Recent refrains add depth to this melody. In May 2024, shareholders of Nestle India, guided by the likes of InGovern, rejected a royalty hike to its Swiss parent, protecting local interests in a move that boosted investor confidence. The ICICI Securities merger into ICICI Bank in 2024 attracted class-action ire from small holders as a result of alleged undervaluation, which attracted National Company Law Tribunal scrutiny and highlighted collective power. And let us not forget the 2018 ICICI Bank saga. Shareholder calls for investigations into then-CEO Chanda Kochhar’s possible conflicts caused her resignation and strengthened compliance frameworks.
These are not solo notes; they resonate with global tunes. Carl Icahn’s 2014 eBay campaign to spin off PayPal released shareholder billions, demonstrating activism’s value-unlocking ability. Engine No. 1’s 2021 ExxonMobil coup, with a paltry 0.02% holding, removed directors due to climate inaction, merging governance with global good. In Europe, Elliott Management’s 2018 push at Pernod Ricard triggered a `1 billion buyback, efficiencies.
On our own doorstep, activism is turning to ESG themes-environmental stewardship, social justice, transparent governance, with proxy fights rising 20-25% in blue-chip companies. Analogies are plentiful to bring this alive. Shareholder activism is like a diligent gardener, pruning excesses to promote growth-necessary, but overaggressive pruning can inhibit the plant. Or imagine it as India’s democratic election: a Himalayan hamlet may shape national policy with one vote, just as one share tips company strategy. In GKB’s instance, Kalra’s gust of wind underlines genuine concerns such as margin squeezes and geopolitical challenges, but a balanced perspective also praises Mr. Gupta’s grit in keeping exports and jobs going during inflationary waves and supply bottlenecks. Activism succeeds as a dialogue, not a duel. History’s lessons enforce this balance.
The 2009 dispute between the Ambani brothers over Reliance’s gas holdings made AGMs media spectacle, eroding investor confidence. Studies validate activism’s long-term profit increase but caution against short-term anxiety if mismanaged. Ethical activism, fact-based, with respect, that eschews fireworks works. Pre-AGM dialogues, stakeholder committees, and open reporting can turn potential fireworks into constructive exchanges.
For Jammu and Kashmir’s enterprising investors and entrepreneurs, this is not just entertainment; it’s a blueprint for empowerment. In our region’s special economic context, technologies such as e-voting and virtual AGMs present active engagement opportunities.
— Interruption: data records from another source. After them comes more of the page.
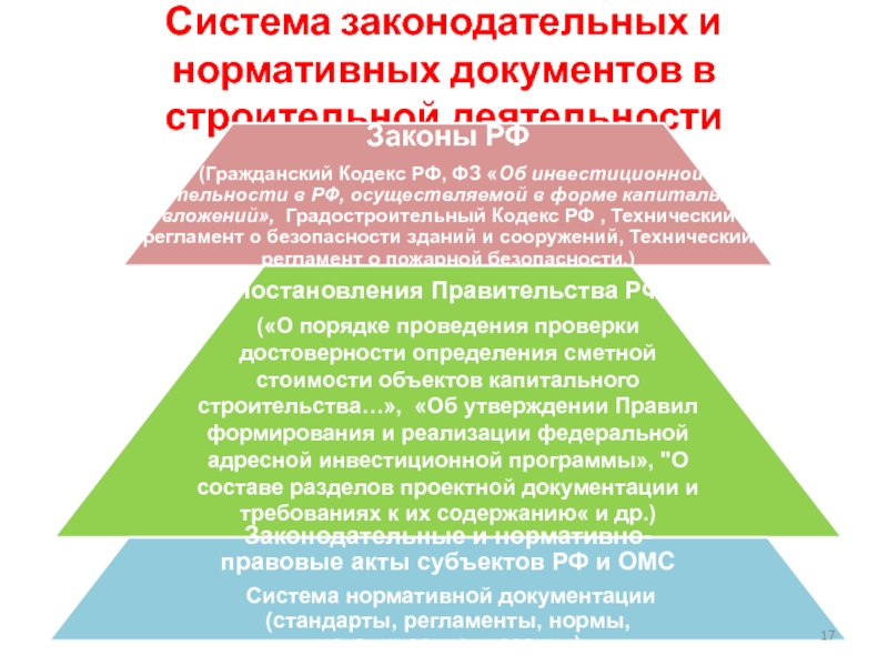 Слайд 17Система законодательных и нормативных документов в строительной деятельности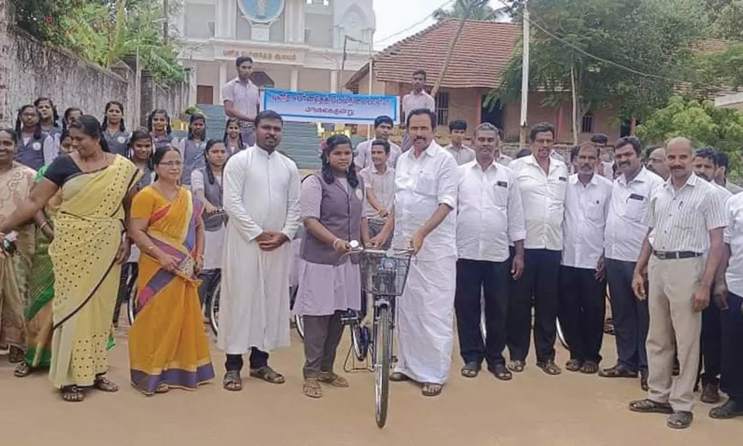 மங்கலகுன்று புனித பெர்னதெத் மேல்நிலைப்பள்ளியில் அரசின் சார்பில் இலவச மிதிவண்டிகள் வழங்கும் விழா நடைபெற்றது. பள்ளி உதவி தலைமை ஆசிரியர் கிரேசி எவாஞ்சல் தலைமை தாங்கினார். விழாவில் ராஜேஷ்குமார் எம்.எல்.ஏ. சிறப்பு விருந்தினராக கலந்துகொண்டு மாணவ-மாணவிகளுக்கு இலவச மிதிவண்டிகளை வழங்கினார்.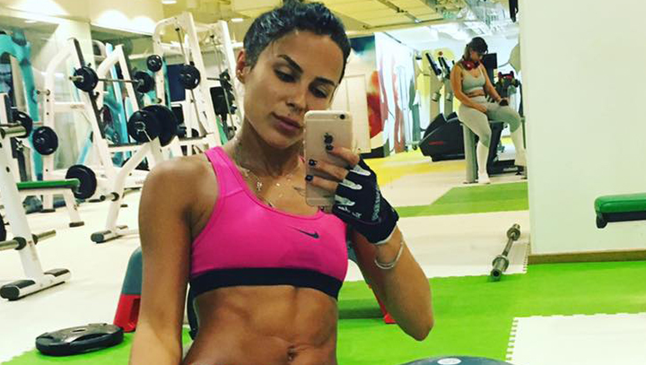 Ioana Tamaş îşi lucrează intens corpul în sala de fitness.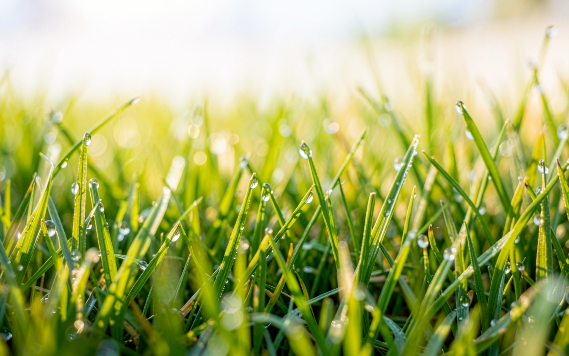 Зеленая трава с каплями росы утром обои

Explore annual reports, vote with knowledge, sit in on meetings, it’s how we co-author corporate achievement.
Ultimately, the GKB “one-share opera” is a lighthearted interlude in the symphony of India’s governance, and not a finale. It tickles as it teaches: management innovate, shareholders vigilate, and the system balances everything. While we laugh at the absurdity, a small stake hogging the limelight, let us celebrate the harmony it creates to ensure corporate India sings all the right notes for years to come.
Mirza Mohammad Idrees ul Haq Beigh is an Engineer, IP strategist, registered with Indian institute of corporate affairs as an Independent director.